[Items from a data source]
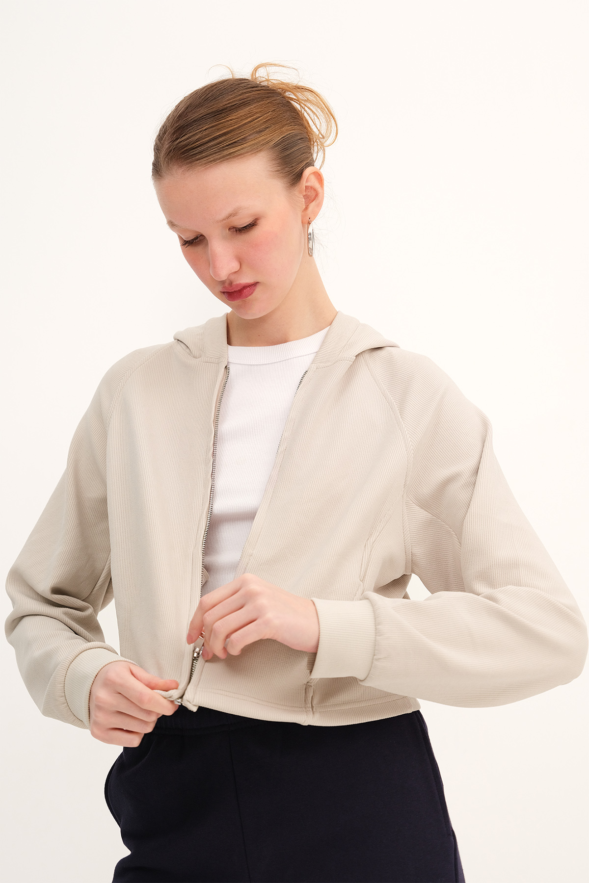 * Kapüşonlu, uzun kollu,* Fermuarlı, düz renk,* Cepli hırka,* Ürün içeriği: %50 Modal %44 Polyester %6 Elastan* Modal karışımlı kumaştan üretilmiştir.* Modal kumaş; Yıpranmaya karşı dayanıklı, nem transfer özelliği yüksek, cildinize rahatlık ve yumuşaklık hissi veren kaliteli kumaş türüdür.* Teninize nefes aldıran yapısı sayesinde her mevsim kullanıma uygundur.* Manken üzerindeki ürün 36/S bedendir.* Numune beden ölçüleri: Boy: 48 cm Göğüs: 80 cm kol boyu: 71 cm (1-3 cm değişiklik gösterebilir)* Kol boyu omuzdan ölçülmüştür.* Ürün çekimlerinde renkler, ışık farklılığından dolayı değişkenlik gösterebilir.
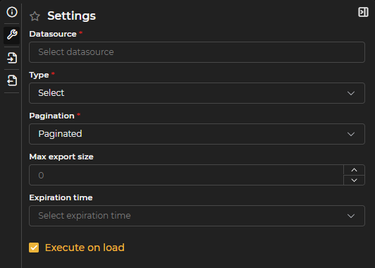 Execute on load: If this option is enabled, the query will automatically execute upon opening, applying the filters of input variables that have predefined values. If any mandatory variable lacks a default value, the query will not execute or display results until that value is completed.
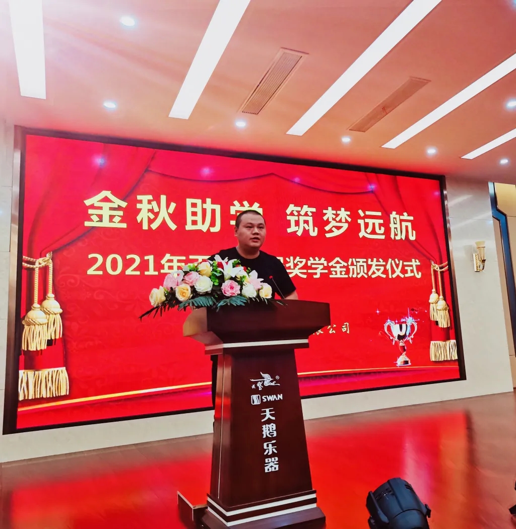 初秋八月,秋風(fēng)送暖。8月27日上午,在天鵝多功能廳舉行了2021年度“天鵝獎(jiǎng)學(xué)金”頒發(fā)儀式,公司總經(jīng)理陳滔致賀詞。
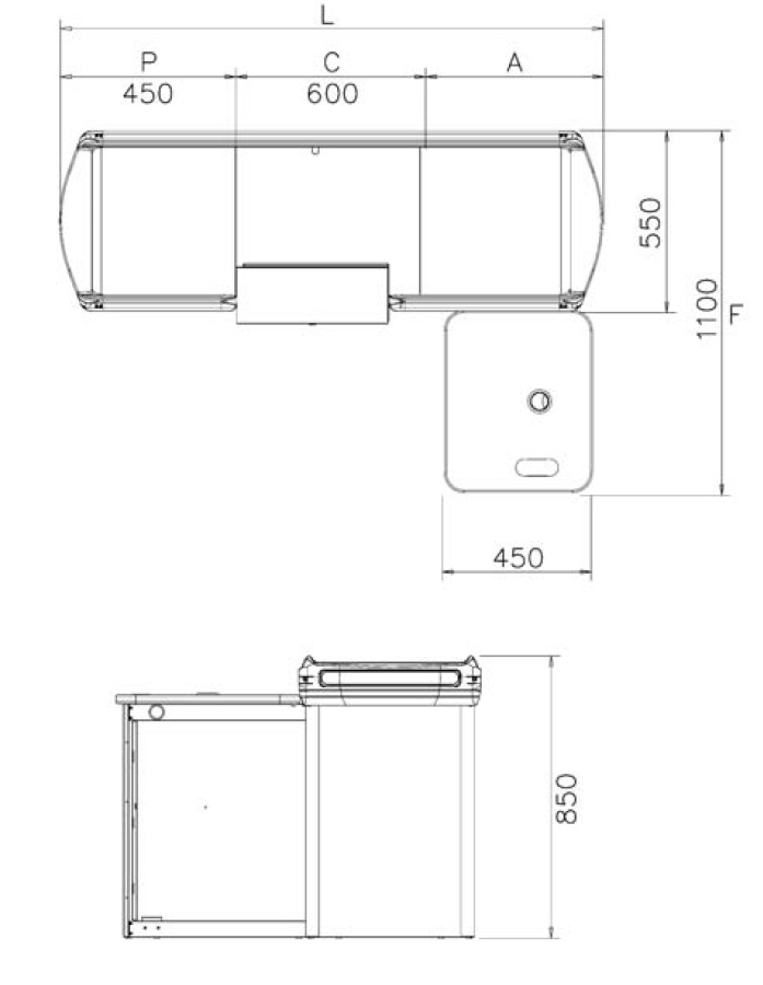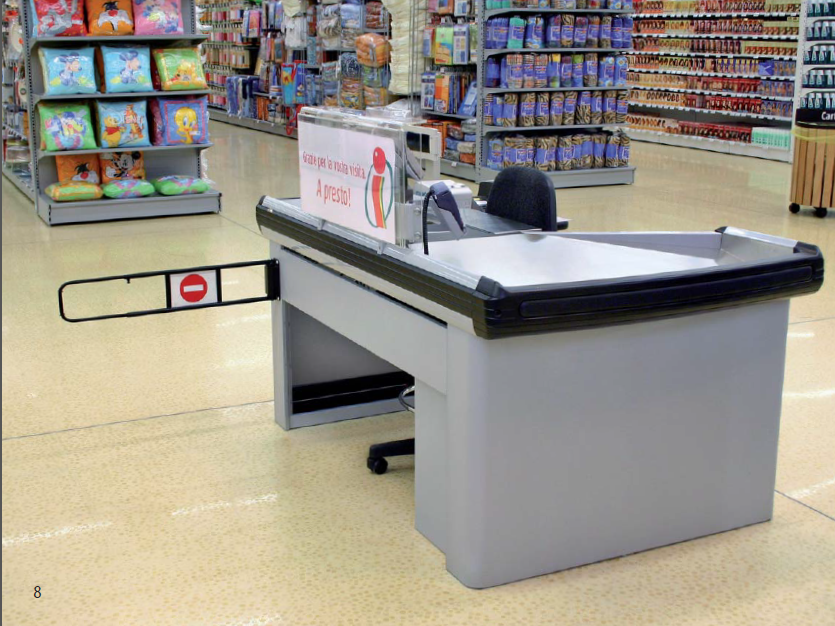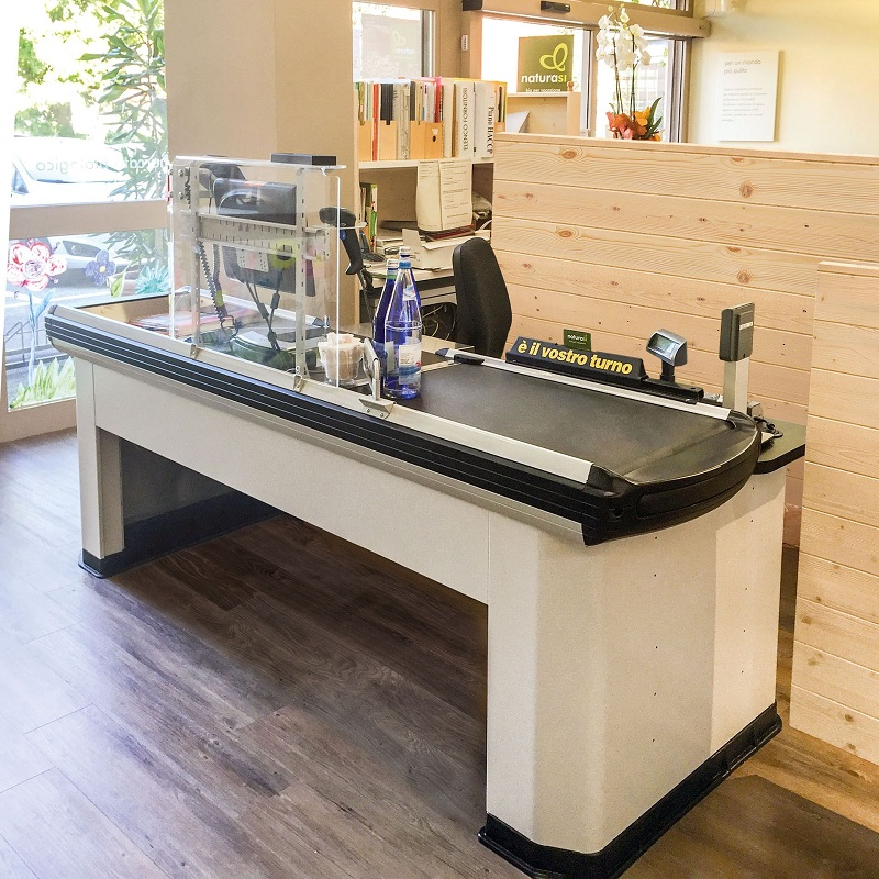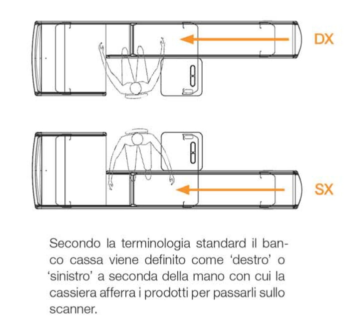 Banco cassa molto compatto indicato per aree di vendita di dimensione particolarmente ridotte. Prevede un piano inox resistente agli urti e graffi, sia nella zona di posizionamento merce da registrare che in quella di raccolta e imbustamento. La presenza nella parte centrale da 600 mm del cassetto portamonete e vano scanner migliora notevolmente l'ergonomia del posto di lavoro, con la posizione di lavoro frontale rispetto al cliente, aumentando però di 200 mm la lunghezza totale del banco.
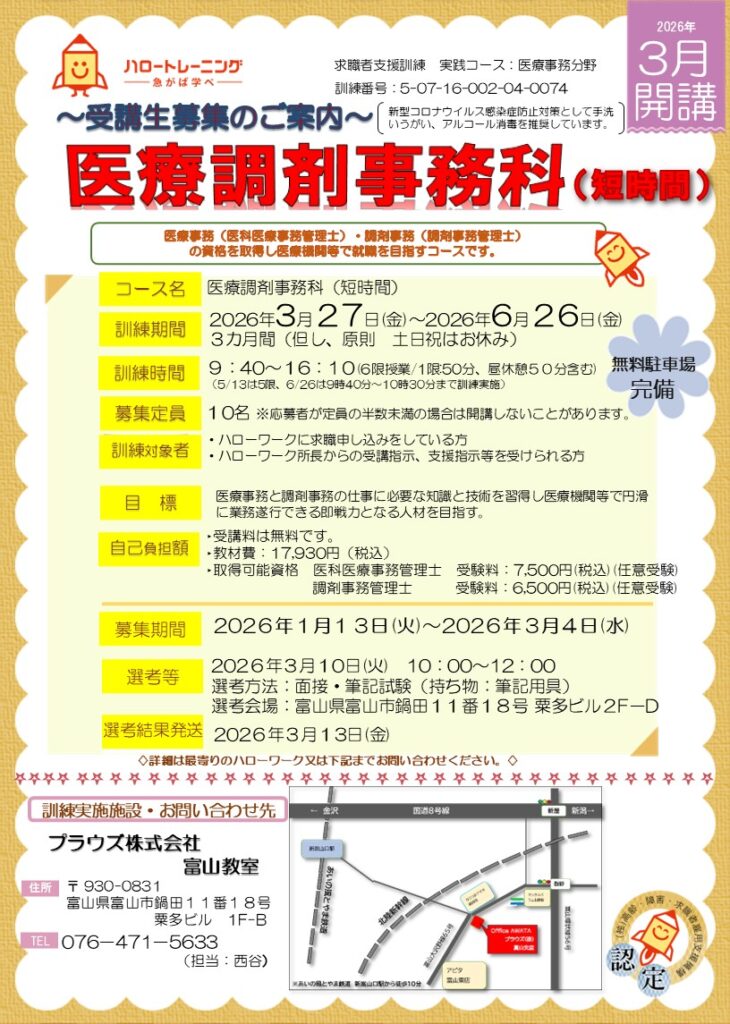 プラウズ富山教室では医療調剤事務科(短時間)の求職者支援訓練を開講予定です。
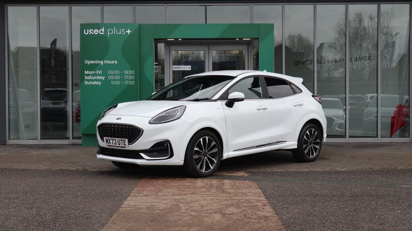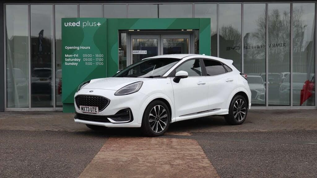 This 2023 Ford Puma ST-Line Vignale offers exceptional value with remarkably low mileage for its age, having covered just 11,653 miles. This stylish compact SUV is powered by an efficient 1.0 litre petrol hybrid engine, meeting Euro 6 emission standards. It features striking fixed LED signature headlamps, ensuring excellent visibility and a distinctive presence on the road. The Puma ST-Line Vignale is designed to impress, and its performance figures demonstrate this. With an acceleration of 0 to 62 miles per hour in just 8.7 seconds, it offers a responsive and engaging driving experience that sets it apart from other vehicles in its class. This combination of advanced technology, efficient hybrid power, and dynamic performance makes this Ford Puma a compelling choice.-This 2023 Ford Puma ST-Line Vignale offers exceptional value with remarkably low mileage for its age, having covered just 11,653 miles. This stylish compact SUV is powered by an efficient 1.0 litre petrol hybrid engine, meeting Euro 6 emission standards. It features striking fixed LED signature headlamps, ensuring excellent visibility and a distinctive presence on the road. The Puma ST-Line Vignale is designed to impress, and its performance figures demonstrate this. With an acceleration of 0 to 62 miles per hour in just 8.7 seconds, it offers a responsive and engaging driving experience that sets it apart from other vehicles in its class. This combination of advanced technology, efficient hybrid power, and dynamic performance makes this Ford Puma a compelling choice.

## What is expected:
Transcribe each record exactly as it stands, setting aside any pictures.

## Finished exercise:
 * Kapüşonlu, uzun kollu,* Fermuarlı, düz renk,* Cepli hırka,* Ürün içeriği: %50 Modal %44 Polyester %6 Elastan* Modal karışımlı kumaştan üretilmiştir.* Modal kumaş; Yıpranmaya karşı dayanıklı, nem transfer özelliği yüksek, cildinize rahatlık ve yumuşaklık hissi veren kaliteli kumaş türüdür.* Teninize nefes aldıran yapısı sayesinde her mevsim kullanıma uygundur.* Manken üzerindeki ürün 36/S bedendir.* Numune beden ölçüleri: Boy: 48 cm Göğüs: 80 cm kol boyu: 71 cm (1-3 cm değişiklik gösterebilir)* Kol boyu omuzdan ölçülmüştür.* Ürün çekimlerinde renkler, ışık farklılığından dolayı değişkenlik gösterebilir.
 Execute on load: If this option is enabled, the query will automatically execute upon opening, applying the filters of input variables that have predefined values. If any mandatory variable lacks a default value, the query will not execute or display results until that value is completed.
 初秋八月,秋風(fēng)送暖。8月27日上午,在天鵝多功能廳舉行了2021年度“天鵝獎(jiǎng)學(xué)金”頒發(fā)儀式,公司總經(jīng)理陳滔致賀詞。
 Banco cassa molto compatto indicato per aree di vendita di dimensione particolarmente ridotte. Prevede un piano inox resistente agli urti e graffi, sia nella zona di posizionamento merce da registrare che in quella di raccolta e imbustamento. La presenza nella parte centrale da 600 mm del cassetto portamonete e vano scanner migliora notevolmente l'ergonomia del posto di lavoro, con la posizione di lavoro frontale rispetto al cliente, aumentando però di 200 mm la lunghezza totale del banco.
 プラウズ富山教室では医療調剤事務科(短時間)の求職者支援訓練を開講予定です。
 This 2023 Ford Puma ST-Line Vignale offers exceptional value with remarkably low mileage for its age, having covered just 11,653 miles. This stylish compact SUV is powered by an efficient 1.0 litre petrol hybrid engine, meeting Euro 6 emission standards. It features striking fixed LED signature headlamps, ensuring excellent visibility and a distinctive presence on the road. The Puma ST-Line Vignale is designed to impress, and its performance figures demonstrate this. With an acceleration of 0 to 62 miles per hour in just 8.7 seconds, it offers a responsive and engaging driving experience that sets it apart from other vehicles in its class. This combination of advanced technology, efficient hybrid power, and dynamic performance makes this Ford Puma a compelling choice.-This 2023 Ford Puma ST-Line Vignale offers exceptional value with remarkably low mileage for its age, having covered just 11,653 miles. This stylish compact SUV is powered by an efficient 1.0 litre petrol hybrid engine, meeting Euro 6 emission standards. It features striking fixed LED signature headlamps, ensuring excellent visibility and a distinctive presence on the road. The Puma ST-Line Vignale is designed to impress, and its performance figures demonstrate this. With an acceleration of 0 to 62 miles per hour in just 8.7 seconds, it offers a responsive and engaging driving experience that sets it apart from other vehicles in its class. This combination of advanced technology, efficient hybrid power, and dynamic performance makes this Ford Puma a compelling choice.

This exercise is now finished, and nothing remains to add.